29.side エクトリア王国
コンコン。
「どうぞ」
ここは王宮でカールに与えられている一部屋。壁一面には聖女関連の書類や歴史書などが並んでいる。
書類から目線を上げると、そこにはディアナが立っていた。
「おや? 珍しいですね」
ディアナとは楓を通してほぼ毎日顔を合わせているため、お互いに気心が知れている。カールはディアナを長い椅子へとエスコートして、自ら紅茶を入れて出し、向かいの椅子に座る。
「どうかされましたか?」
「はい。実はカール様に、私と結婚してもらおうと思いまして」
「え!?」
冗談かと思い驚いてディアナを見ると、目が本気だった。
それを聞いて、カールは眉を少し顰めて問う。
「先日アリス様が言われた事を覚えていらっしゃいますか?」
「勿論です。私はカール様を尊敬し、お慕い申し上げております」
「……私は元々は神殿に仕える者。それに私自身は爵位など持っていませんよ?」
「私も次女ですし、爵位にはあまり興味はございません。それにカール様には、聖女様の担当という立派な肩書があるではありませんか」
「そうは言っても、お父上がお許しにならないでしょう?」
「父には了承を得ております。
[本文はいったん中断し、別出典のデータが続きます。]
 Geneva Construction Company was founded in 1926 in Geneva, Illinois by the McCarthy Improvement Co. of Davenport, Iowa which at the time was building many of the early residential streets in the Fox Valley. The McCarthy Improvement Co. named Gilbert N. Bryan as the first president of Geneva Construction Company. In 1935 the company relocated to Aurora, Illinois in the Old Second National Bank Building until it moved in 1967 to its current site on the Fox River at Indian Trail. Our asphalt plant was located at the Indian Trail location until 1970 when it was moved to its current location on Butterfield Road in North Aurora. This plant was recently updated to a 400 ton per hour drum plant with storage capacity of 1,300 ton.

我が家は割と自由なのですよ?」
ふぅ……と息を吐き、カールは改めてディアナを見る。
自分を真っ直ぐに見つめる瞳に、確かに敬愛の情は感じるが恋だの愛だのは感じない。しかし、一切引く気はないようだ。
どうしたものやら……と思っていると、ふとディアナが目線を逸らせ俯いてしまう。
「実は以前よりカール様を好ましく感じておりましたが、伝える気はありませんでした。カール様がアリス様を崇拝されているのは分かっておりましたし、私もアリス様をお慕い申し上げておりますから」
ふぃと目線を上げ、カールの瞳を見つめる。
「ですが、先日アリス様は仰られました。言わなければ何も伝わらないと。それに私は、アリス様に機会を与えてもらったと思っております。こんな私を受け入れてくれるのはカール様しかおられません! どうか、私と結婚してください!!」
ディアナの言葉を聞いて、カールはゆっくりと目を瞑り、しばらく考えた後に目を開け、紅茶を一口飲んだ。
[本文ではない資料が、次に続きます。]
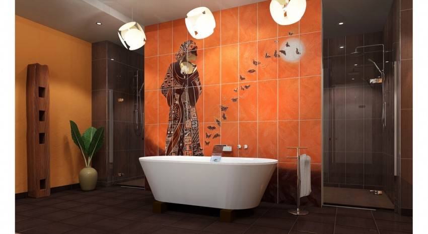 Огненный цвет, очень яркий, вызывающий сильное возбуждение. Рекомендован для больших ванных комнат. В интерьере ванной сочетается с белым, синим, серым цветами и имитацией древесины.

「わたくしは聖女様にお仕えするために生きてきた、と言っても過言ではございません。聖女様の担当に選ばれ、更にアリス様にお会いして確信しました。この方にわたくしの一生を捧げると」
ゆっくりとした口調で話をするカールを、ディアナは瞳を揺らしながら見ている。
「わたくしにとって、アリス様が何においても最優先です。たとえディアナ嬢と一緒になったとしても、です。アリス様かディアナ嬢かと問われても、考える間もなくアリス様を選ぶでしょう。……それでもよろしいのですか?」
落としていた目線を上げ、ディアナを見据えるカール。
そのカールを見て、にっこりと微笑むディアナ。
「勿論です。私もアリス様とカール様ならアリス様を選びます。寧ろそうでなくては困ります。私にとってもアリス様が最優先です!」
そう言い切ったディアナをカールは少し目を見開いて見た。
そしてゆっくりと微笑み、二人同時にふふと笑い合った。
「わたし達は気が合いそうですね」
カールは立ち上がり、ディアナの側で跪き、手を取り額に当てる。
「ディアナ・ストレイス伯爵令嬢。どうかわたくしと結婚してください」
頬を染めながらディアナは頷く。
「はい、カール様。どうぞよろしくお願いいたします」
◇
「ではすぐにでもストレイス伯爵にご挨拶に伺わねばなりませんね。そうそう、結婚式はいつぐらいが良いですか?」
「え? 結婚式は別にしなくてもいいです。アリス様の側を離れたくありませんので」
「え?」
「え? 何か?」
「……まあ、貴女が良いのであれば、それで良いのですが……」
「はい、ではそのように。そうそう、すぐに届出を出してアリス様に報告しましょう! そしてランドール侯爵の所に絶対ついて行くのです!!」
カールは元々、結婚する気はなかった。
だが何やらやる気に燃えているディアナを見て、この人となら案外上手くやっていけそうだな、と考えていた。
カールはノートクリスト侯爵家の三男。
嫡男が侯爵家を継ぐのでカール自身に爵位はない。
ディアナにも兄と姉がいるので、後継問題はない。